Lesson #4 - Slow and Steady
When I bring out the pull buoys during a lesson, I am usually met with a loud, collective groan. Not these! They make me so slow! They’re not wrong. My swimmers think I’m especially cruel when I tell them they’re about to cross the pool, buoy between their legs, doing only the breast stroke pull. Since so much of the forward momentum in breast stroke is generated by a powerful kick, dragging your body along with nothing but a swift, narrow scoop is, I will not lie, very challenging. I do it regularly in my own practice so I know exactly what my kids mean when they say I’m not moving at all. Even when you are doing the pull correctly, and putting as much power and effort into the movement as you can, it feels like you are doing nothing but bobbing up and down to gasp for breath. And yet, we always end up on the other side of the pool.

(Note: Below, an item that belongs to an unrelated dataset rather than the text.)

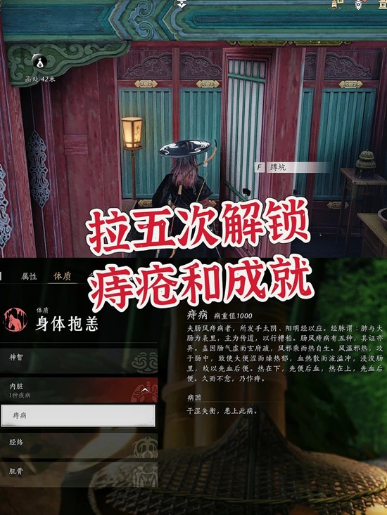 拉五次解锁痔疮和成就抱恙
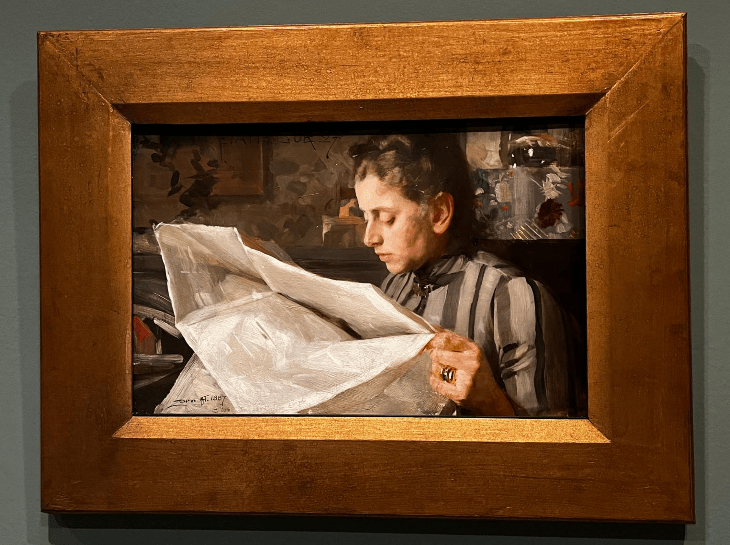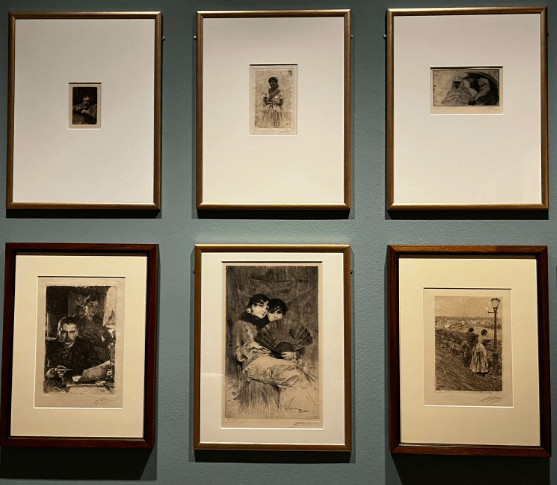 Entre los retratos internacionales y las escenas vinculadas a su Suecia natal, una sala pequeña pero clave reúne la producción gráfica de Zorn, compuesta por más de 290 aguafuertes realizados a lo largo de su vida y recogidos en varios catálogos monográficos. Lejos de ser un apartado menor dentro de su trayectoria, el grabado constituye uno de los núcleos más sólidos de su obra puesto que también se puede apreciar cómo empezaron muchos de sus retratos.

Soaring across the pool in a pair of long fins feels exhilarating and immediately rewarding, but the real growth happens, both in your muscles and in your mindset, when you are slogging to the other side with a pool buoy and a prayer. I think this makes a beautiful metaphor. Sometimes, when things feel impossibly hard, when you think you’re not making any progress at all, you’re not doing it wrong – you’re doing it exactly right.
Lesson #5 - You Can Do Hard Things
I got through the warm-up of every swim practice I ever attended by repeating I hate this I hate this I hate this in my head for the whole 600 yards. At the end of every practice, I felt amazing. In a good practice, there will be sets that make you scared. When your coach tells you to do something that you don’t think is physically, humanly possible, you have three choices: throw up, pretend you have to go to the bathroom, or lock your goggles into place and do the scary thing.
Every time I choose the third option, I learn the same lesson: I am stronger than I thought. Gasping for breath, raising our heart rate, making our muscles burn – our brains receive these signals as distress, and that makes us want to stop, even though our body can, and will, adapt. When we push through, we increase our tolerance for distress in the pool and in life. We become more resilient. We learn to believe in ourselves in the face of seemingly impossible demands. Swimming taught me that I could do hard things, and now I tell this to my swimmers every day. Yes, you can. You can do hard things.